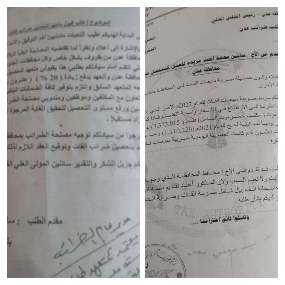 قال الشيخ سالمين محمد مزيدة، أن وزير الدولة المحافظ لملس أصدر توجيهات سابقة بتكليفي محصل لضرائب القات بالعاصمة عدن، ومنتظر فترة انتهاء محصل مهلة المحصل القديم إلا أنني تفاجأت بوجود شخص آخر. نص المناشدة: بناء على التوجيهات السابقة من قبلكم للشيخ سالمين محمد مزيدة كمحصل لضريية القات بتاريخ 2021/6/27 والتكليف من قبل مصلحة الضرائب 2022/3/27 وتعهد بدفع مبلغ وقدره 7500000 سبعة مليون وخمس مائة ألف ريال يمني يوميا، فقد بلغ محصل لحج لعام 2021مبلق وقدره و1110220مليون ومائه وعشره الف ومائتين وعشرون ريال وفقا الاحصائيات في الوثيقة المرفقة وكذالك يورد في محافظه حضرموت الساحل التي تورد «3373010»يوميا لعام 2021 ورقم من التوجيهات الصريحة له بذلك، وفوق هذا وكله وجدنا هناك توجيهات بتكليف صالح جابر كمحصل لضريبه القات محافظه عدن باسم أخيه برغم أن الاخ صالح جابر محصل لمحافظة لحج لضريبة القات، وكون الاخ سالمين محمد مزيدة مقدم الطلب إلى الاخ محافظ المحافظة الذي أعطى باعتماده كمحصل لضرائب القات، ولكن إلى الان لم يتم ذلك ولا نعرف ما هو السبب. فمن هنا نناشد وزير الدولة الاخ الأستاذ حامد لملس النظر في الموضوع وأخذ الموضوع بعين الاعتبار، كيف يكون هناك تكليف جديد فوق التكليف السابق، وهذا يؤدي إلى مشكلة بانت بوادرها لأطراف لاتريد الخير للعاصمة عدن وعرقلة جهود المحافظ الرامية الى زيادة الدخل للمحافظة، ونحن كلنا ثقة وأمل في التماس العدالة التي طالما عهدناها من سيادتكم.
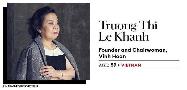 Bà Trương Thị Lệ Khanh cũng là một trong 2 đại diện của Việt Nam lọt bảng vàng 25 nữ doanh nhân quyền lực nhất châu Á 2020 (Asia's Power Businesswomen) của tạp chí Forbes.
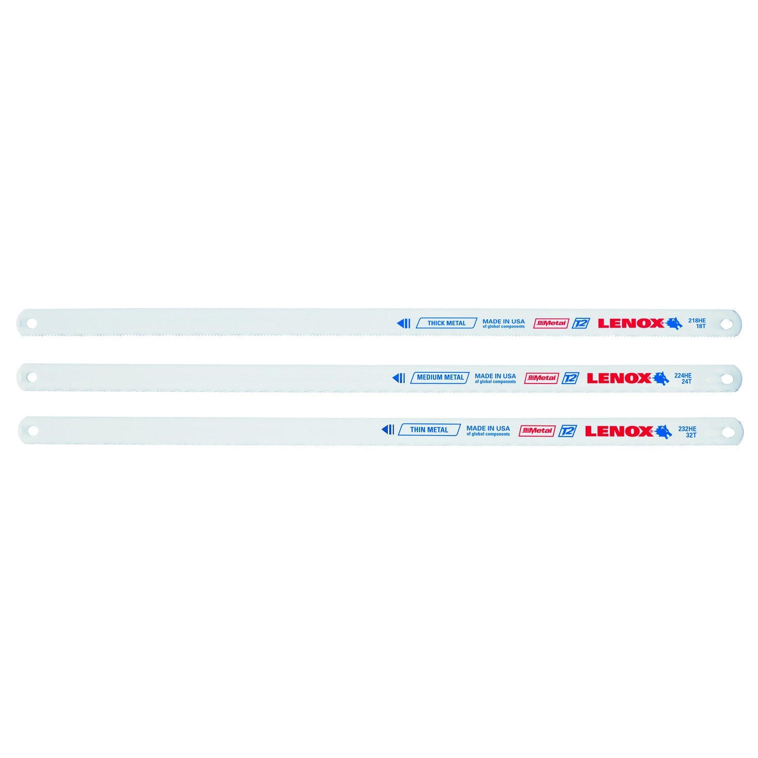 Durable LENOX 12-in bi-metal hacksaw blades deliver fine-finish cuts across a range of metals. The 3-pack includes 18, 24, and 32 TPI blades for thick, medium, and thin metals, offering flexibility and longer life with LENOX’s advanced blade design.
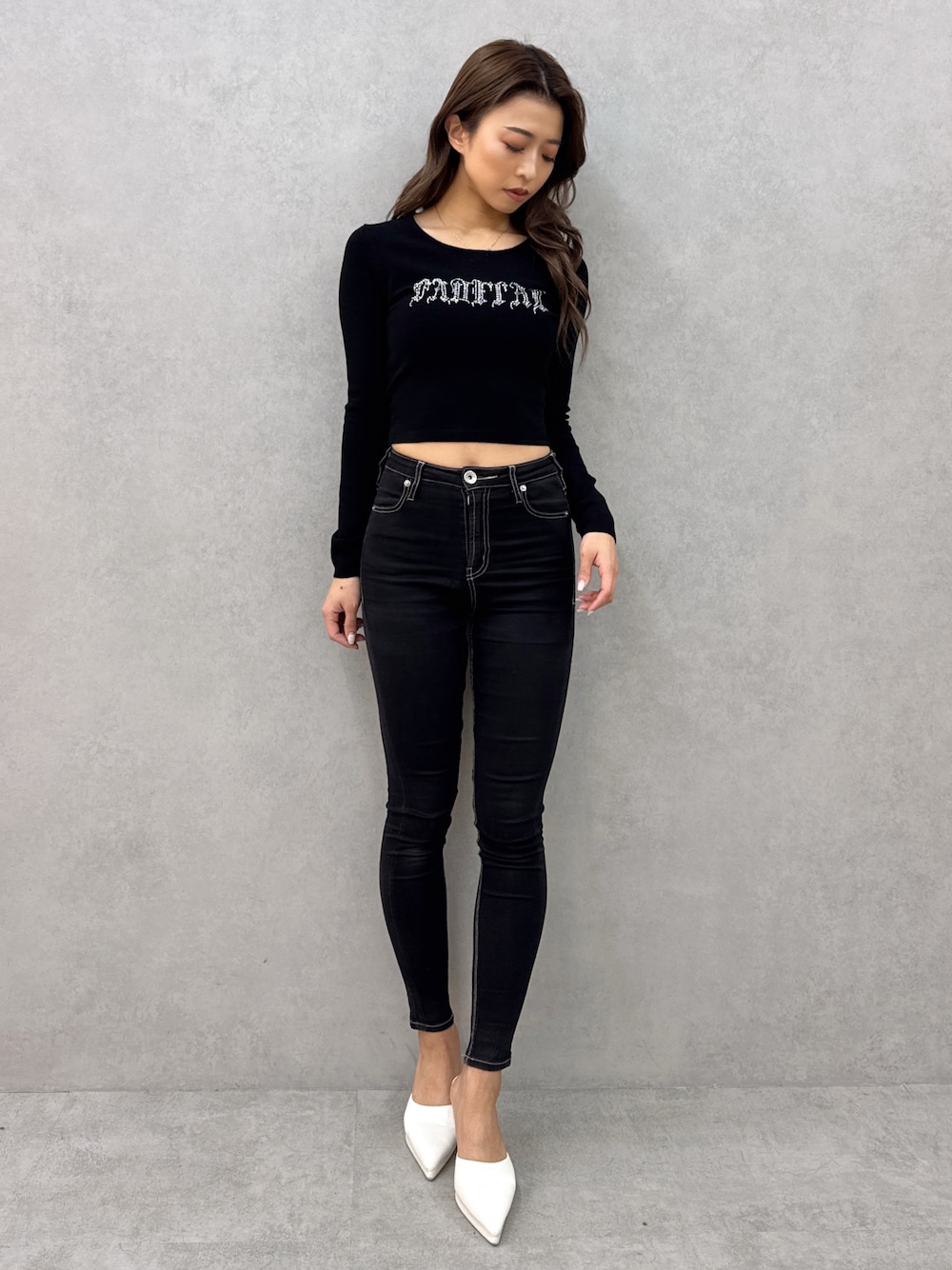 【トップス】シンプルですが、ビジューデザインなのがトレンド感あるトップスです❤︎生地は薄手でインナーとしてもトップスとしても活躍しそうなアイテムです✨ 【ボトムス】ウォッシュ加工されているジェイダで1番ストレッチの効いているスキニーデニムパンツです✨白のステッチが珍しく可愛くて人気です❤︎160cmでXXS履いています!いつも履いてるサイズよりワンサイズ下げて履くくらいが丁度良いです! 【シューズ】どんなお洋服にも合うので、持っていたら必ず重宝する通年大人気のミュールです✨今回のミュールは少し厚底になっていることでクッション性が更に優れており、履きやすさも抜群です✨23.5cmでMサイズを履いています!

▶ _EXERCISE REQUIREMENTS_
Exactly the lines from the line with "Durable LENOX 12-in" through the last line of the listing, both included, should be extracted, and the pictures left behind.

▶ _RESULT_
 Durable LENOX 12-in bi-metal hacksaw blades deliver fine-finish cuts across a range of metals. The 3-pack includes 18, 24, and 32 TPI blades for thick, medium, and thin metals, offering flexibility and longer life with LENOX’s advanced blade design.
 【トップス】シンプルですが、ビジューデザインなのがトレンド感あるトップスです❤︎生地は薄手でインナーとしてもトップスとしても活躍しそうなアイテムです✨ 【ボトムス】ウォッシュ加工されているジェイダで1番ストレッチの効いているスキニーデニムパンツです✨白のステッチが珍しく可愛くて人気です❤︎160cmでXXS履いています!いつも履いてるサイズよりワンサイズ下げて履くくらいが丁度良いです! 【シューズ】どんなお洋服にも合うので、持っていたら必ず重宝する通年大人気のミュールです✨今回のミュールは少し厚底になっていることでクッション性が更に優れており、履きやすさも抜群です✨23.5cmでMサイズを履いています!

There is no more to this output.